In the past two decades, research on microRNAs (miRNAs) as gene regulatory factors has received extensive attention. In plants, miRNAs are not only related to growth and development and environmental stimulation, but in crops, miRNAs are associated with many important agronomic traits. Modifications to miRNAs have been used to improve the agricultural traits of crops.
However, there is currently no professional plant miRNA database. For instance, as the most popular miRNA database, miRBase only provides storage and access to miRNAs in all species through the submission of miRNA data by researchers. There is no uniform method and there is no real quality control for these miRNAs. Some scholars have pointed out that the overall quality of miRBase is suboptimal, not only because the data is not integrated, but also there is a lot of noise.
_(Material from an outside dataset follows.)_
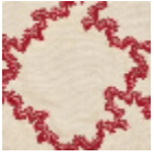
L3897_BRODE RIE_MONTESP AN_B90_FE

Meanwhile, annotation or identification of plant miRNAs is much more difficult than that in animals with the following reasons. First, compared to relatively uniform miRNAs in animals, many plant miRNAs have more variable precursor lengths and more prevalent large paralogous families, which greatly increased the difficulty of plant miRNA discovery. Another challenge of accurately identifying plant miRNAs is how to exclude short interfering RNAs (siRNAs) from deeply sequenced small RNA libraries, and the large number of endogenous siRNAs has been a major factor in the erroneous annotation of siRNAs as miRNAs. This annotation noise resulting in many questionable miRNA annotations, is significantly enlarged in public miRNA repository when considering there are no standard methods to process and annotate plant miRNAs.
Fortunately, in the last decade, we developed miRDeep-P, a popular tool specifically used to identify plant miRNAs, and achieved much success since there are many miRNA annotated by this tool (over 40 plant species). In addition, new plant miRNA criteria were released in Jan. 2018. Thus, we decided to update our tools miRDeep-P to miRDeep-P2 through overhauling its old algorithm and combining the new plant miRNA criteria.
Taken together, to overcome these challenges and bridge the gaps (lack of comprehensive plant miRNA database) and take the advantage of our experience on annotating/identifying plant miRNAs, two labs, Yang lab from BAAFS (Beijing Academy of Agricultural and Forestry Sciences) and Li lab from Peking University, together initialized this project which aims to construct a comprehensive functional plant miRNA database, and we named it PmiRDB (plant miRNA DataBase).